Solid, detailed portrayal of the life and times of the formidable Queen Emma, wife to two kings and mother to two more in early eleventh-century England.

4 comments:

Rick said...

It would be pretty tough to get an upbeat book out of Emma's life story!

Of course I have to remark that even though Aethelraed 'the Unready' is a misreading, it seems wonderfully apropos, which is no doubt why it stuck.

The familiar (if often misunderstood) story of Cnut ordering back the tide certainly suggests a worldly, human perspective.

And you touch on the alt-hist speculation of what might have happened without a Norman Conquest.

My verification word, herist, is rather OE sounding.

Carla said...

Yes, it would :-) In this novel Emma is a formidable survivor, which must be pretty close to historical reality.

The scene with Cnut and the tide appears in the book, where Cnut uses it to prove to over-credulous onlookers that he is not superhuman.

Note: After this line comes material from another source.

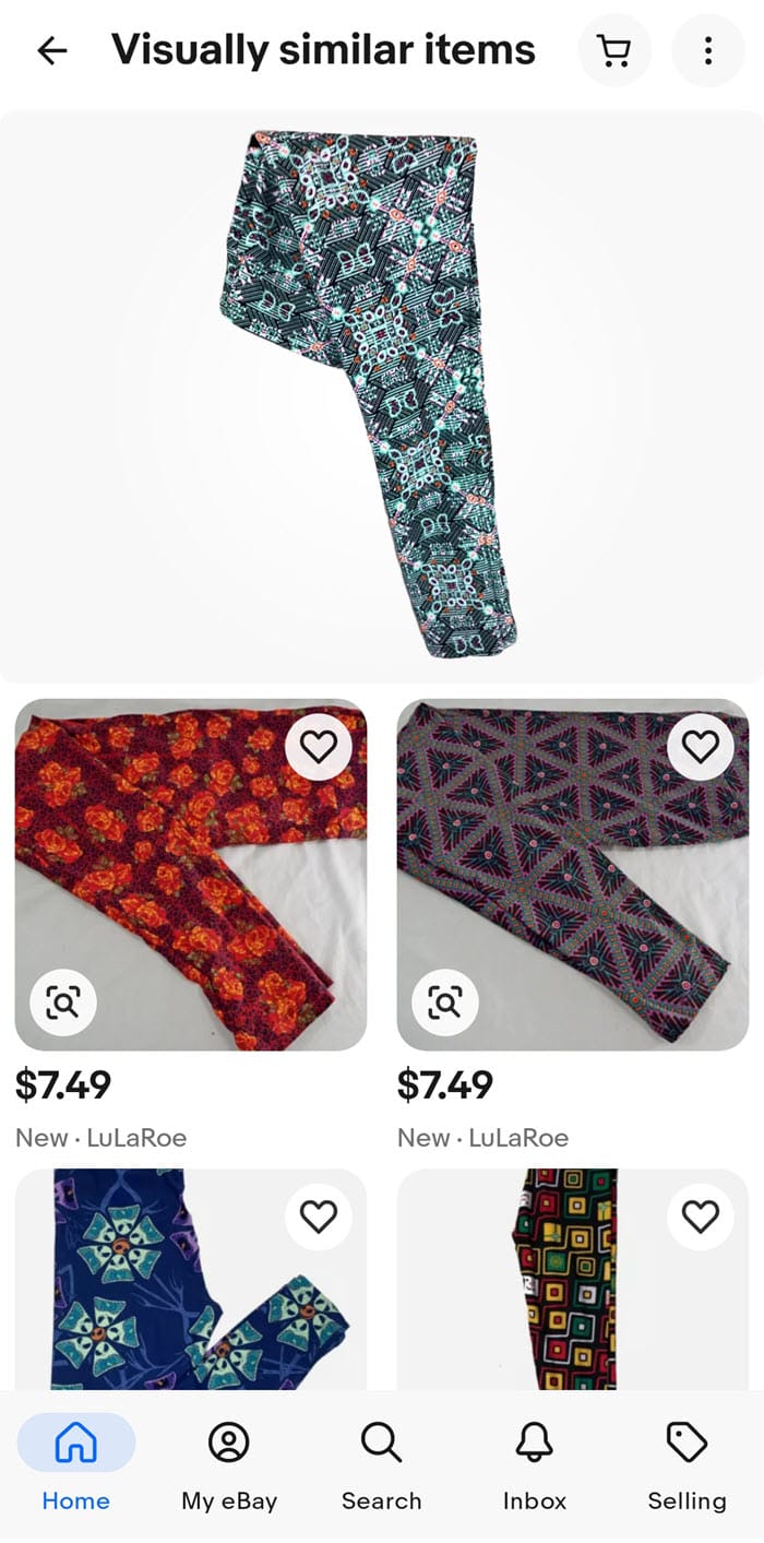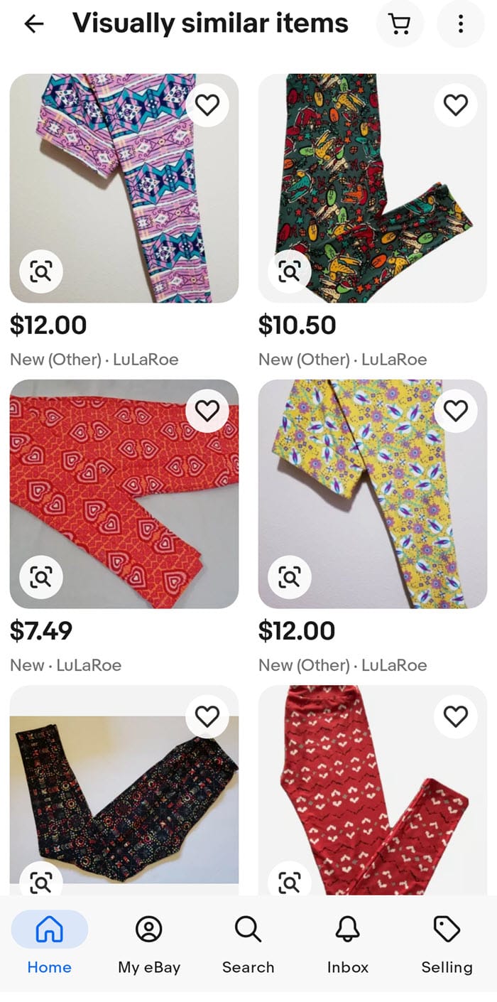 For example, aside from all being the same brand and style, there's quite a bit of visual difference in the colors and patterns it suggested for these leggings.
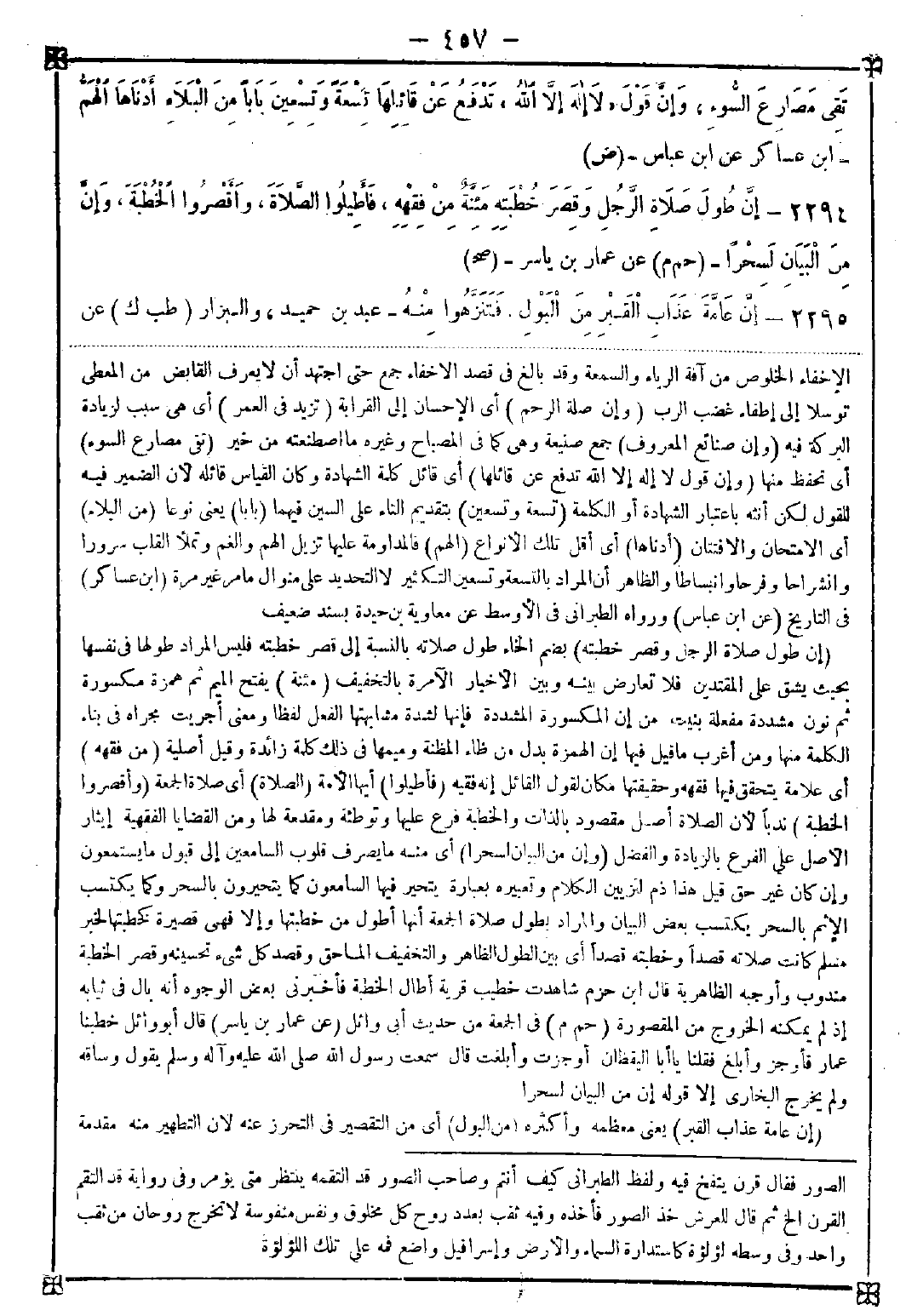2294 - (إن طول صلاة الرجل وقصر خطبته) بضم الخاء طول صلاته بالنسبة إلى قصر خطبته فليس المراد طولها في نفسها بحيث يشق على المقتدين فلا تعارض بينه وبين الأخبار الآمرة بالتخفيف (مئنة) بفتح الميم ثم همزة مكسورة ثم نون مشددة مفعلة بنيت من إن المكسورة المشددة فإنها لشدة مشابهتها الفعل لفظا ومعنى أجريت مجراه في بناء الكلمة منها ومن أغرب ما قيل فيها إن الهمزة بدل من ظاء المظنة وميمها في ذلك كلمة زائدة وقيل أصلية (من فقهه) أي علامة يتحقق فيها فقهه وحقيقتها مكان لقول القائل إنه فقيه (فأطيلوا) أيها الأمة (الصلاة) أي صلاة الجمعة (وأقصروا الخطبة) ندبا لأن الصلاة أصل مقصود بالذات والخطبة فرع عليها وتوطئة ومقدمة لها ومن القضايا الفقهية إيثار الأصل على الفرع بالزيادة والفضل (وإن من البيان لسحرا) أي منه ما يصرف قلوب السامعين إلى قبول ما يستمعون وإن كان غير حق هذا ذم لتزيين الكلام وتعبيره بعبارة يتحير فيها السامعون كما يتحيرون بالسحر وكما يكتسب الإثم بالسحر يكتسب بعض البيان والمراد بطول صلاة الجمعة أنها أطول من خطبتها وإلا فهي قصيرة كخطبتها لخبر مسلم كانت صلاته قصدا وخطبته قصدا أي بين الطول الظاهر والتخفيف الماحق وقصد كل شيء تحسينه وقصر الخطبة مندوب وأوجبه الظاهرية قال ابن حزم شاهدت خطيب قرية أطال الخطبة فأخبرني بعض الوجوه أنه بال في ثيابه إذ لم يمكنه الخروج من المقصورة. (1)

There are a lot of what-ifs around the lead-up to the Norman Conquest - what if Edmund Ironside had survived longer and his sons had grown to adulthood or near-adulthood in England; what if Cnut's sons had survived longer, or even long enough to sire sons; what if Emma's son Alfred had survived; what if Edward the Exile hadn't died so soon; what if Edgar Atheling had been just a little older, and so on and so forth, and this is without getting into the what-ifs around 1066 itself.

Rick said...

Back in my Compuserve forum days I was friends with a gal (now, sadly, deceased) who was working on a novel about Emma, or as the author called her, Ymma. Her Ymma was a sympathetic but rather passive character, which was not very helpful to the book.

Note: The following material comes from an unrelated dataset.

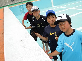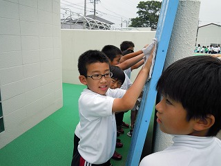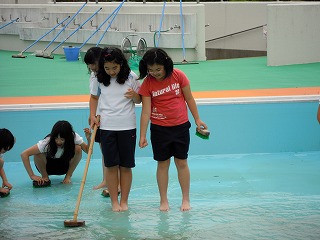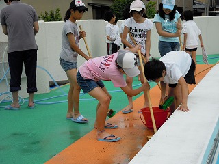 続いては5年生。ベビープールとその周辺担当。残念ながら、ぺビープールはこの日は排水が詰まっており、水がうまく流れない悪条件の中、プールの壁やプールサイドのフロアをきれいにしてくれました。水の中のアメンボやおたまじゃくしに驚いたり、喜んだりしながら・・・お疲れ様!!
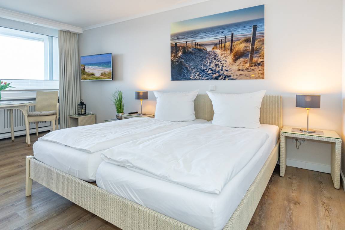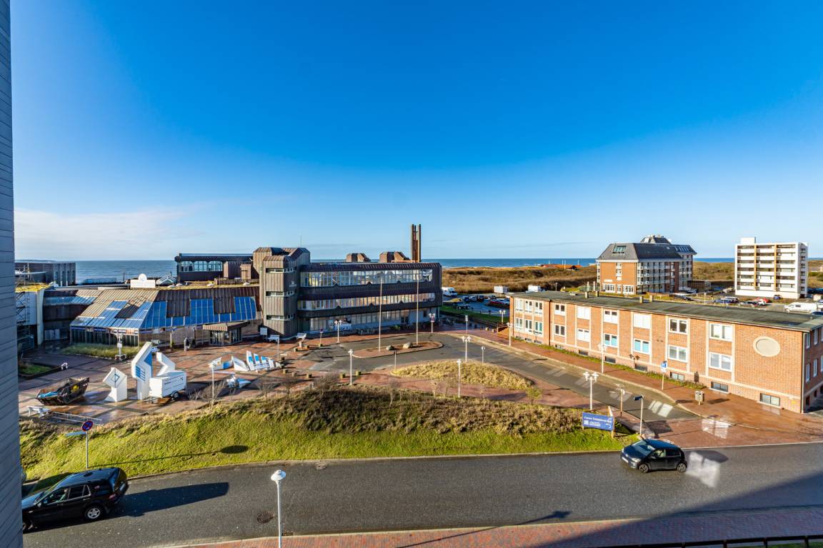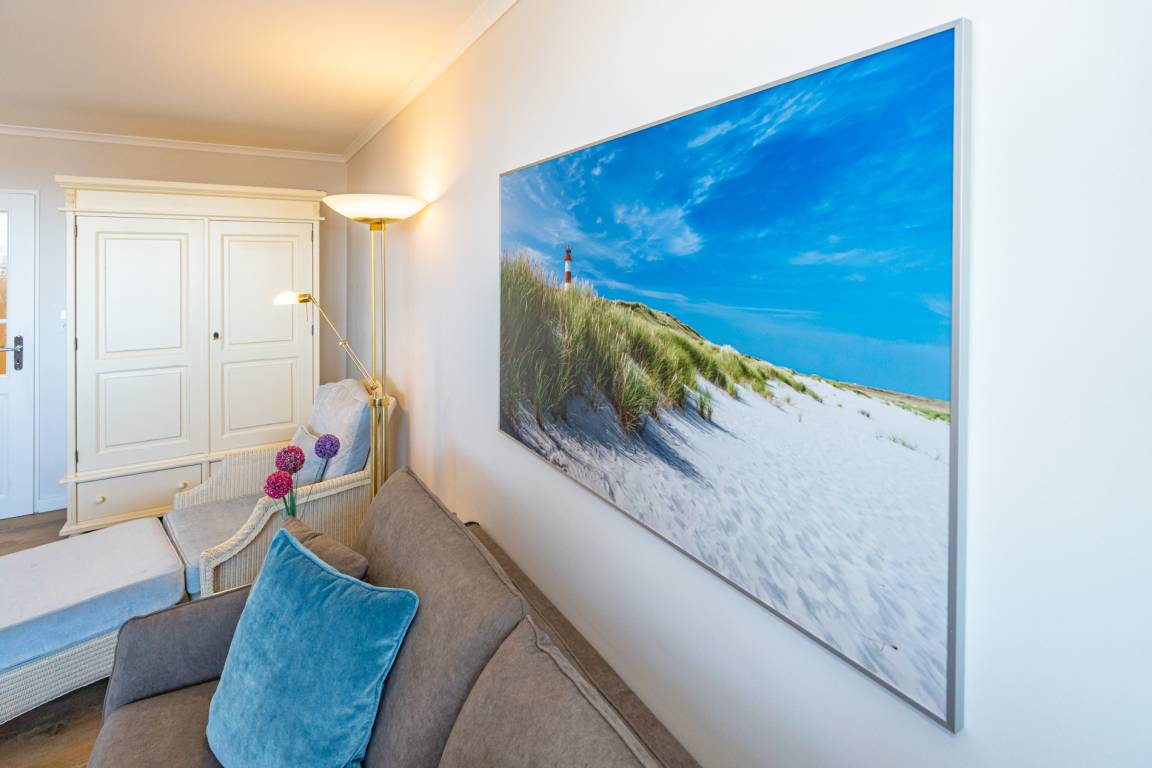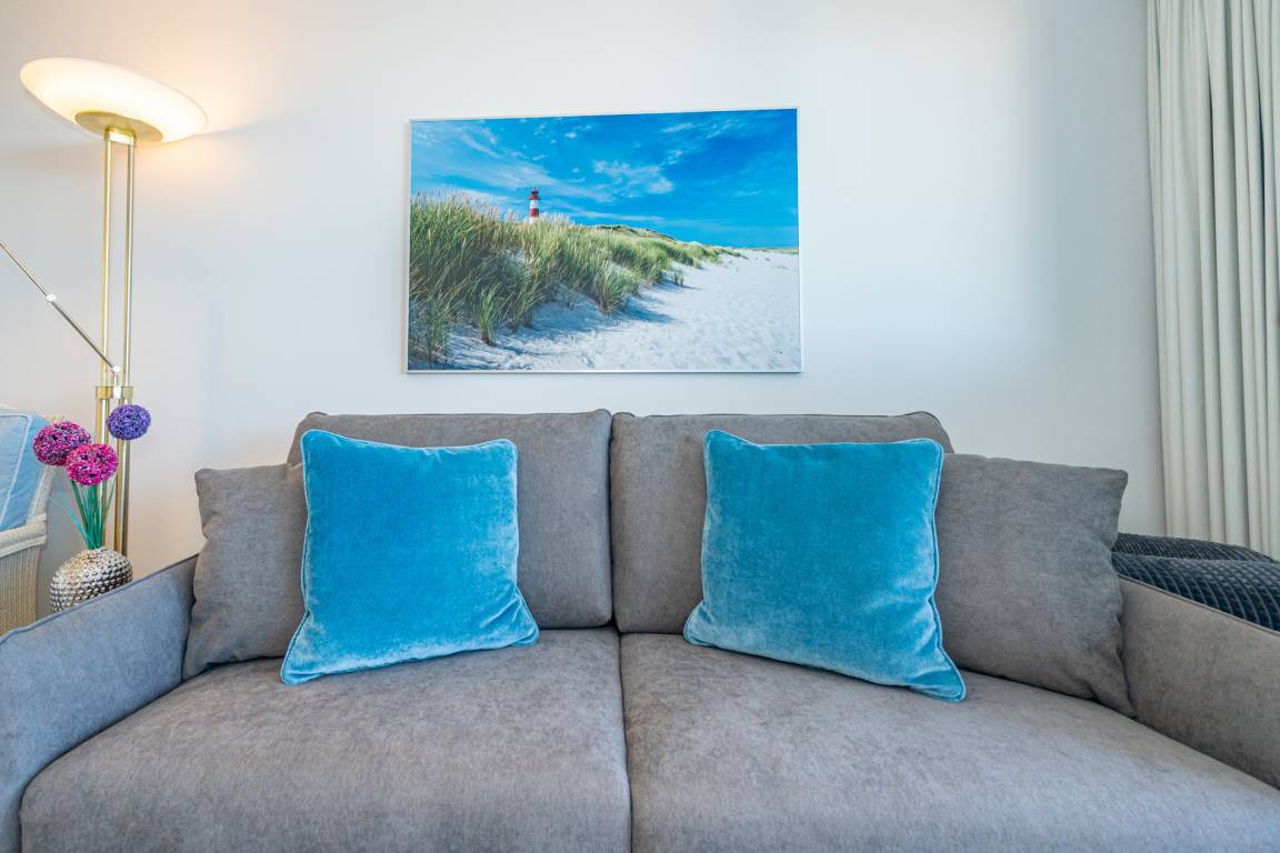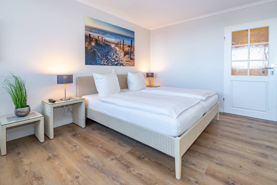 Geschmackvoll ausgestattete 1-Zimmer-Nichtraucher-Ferienwohnung (ca. 40 qm) mit Laminatboden in der 4. Etage zur Seeseite mit schönem Meerblick und Westloggia (Nachmittagssonne, mit Balkonmöbeln und Auflagen).

The fate of 11th century England also raises the old question of 'great men' versus 'historical forces.'

I once read (and swiped for my Lyonesse background) an interesting speculation that England would have drifted into the French cultural orbit even without a Conquest.

The Viking age is ending. Scandinavia no longer has a vast export surplus of tough, shrewd young men on the make. Even if the Cnutlings (?) kept the English throne, also keeping up a northern empire would be huge effort for small advantage. It is not a cohesive, self-supporting structure.

Meanwhile France and French culture are just hitting stride, and trade is rapidly growing especially with the Low Countries, for which Normandy and the Ile de France matter a lot, Denmark not much, Norway hardly at all.

The fact that William is in the picture at all testifies to the shifting focus. In order to be a power player the military technology of knights would have to be adopted, with a land tenure system to support them.

Flip side is that even as it was, English feudalism was from the outset very different from French feudalism, in ways that basically reflect the continued underlying strength of the West Saxon state.

Carla said...

Passive characters can still be interesting, it depends on the kind of story being told. Good for your friend for trying to tell Emma's story.

I have a feeling that history as it happens is something of an interaction between individuals and historical forces. Slow, large-scale social and economic trends, or new ideas, may build up pressure, which is then available to be focussed through, or harnessed by, charismatic individuals or groups. Some sort of conflict between monarch and parliament might have happened in the mid-ish 17th century, but would it have been the English Civil War without Charles I and Cromwell? Discuss.... Questions like this are inherently unanswerable because you can't do the control experiment, by definition. Hence, I guess, their enduring appeal, and the attraction of what-if alternate history.

Cnut's sister was married into Normandy, so Cnut may have shared your analysis. Northern parts of Britain (Scotland and the Isles) maintained close political ties with Norway well into the High Middle Ages. It was 1400-something before Orkney formally became part of Scotland rather than Norway. A dynasty of Cnutssons might have tended to look north by land as well as sea, and Scotland might have become more closely integrated with England at an earlier date. Trade with northern and north-western Europe might then have developed along something like the lines of the later Hanseatic League. Who's to say?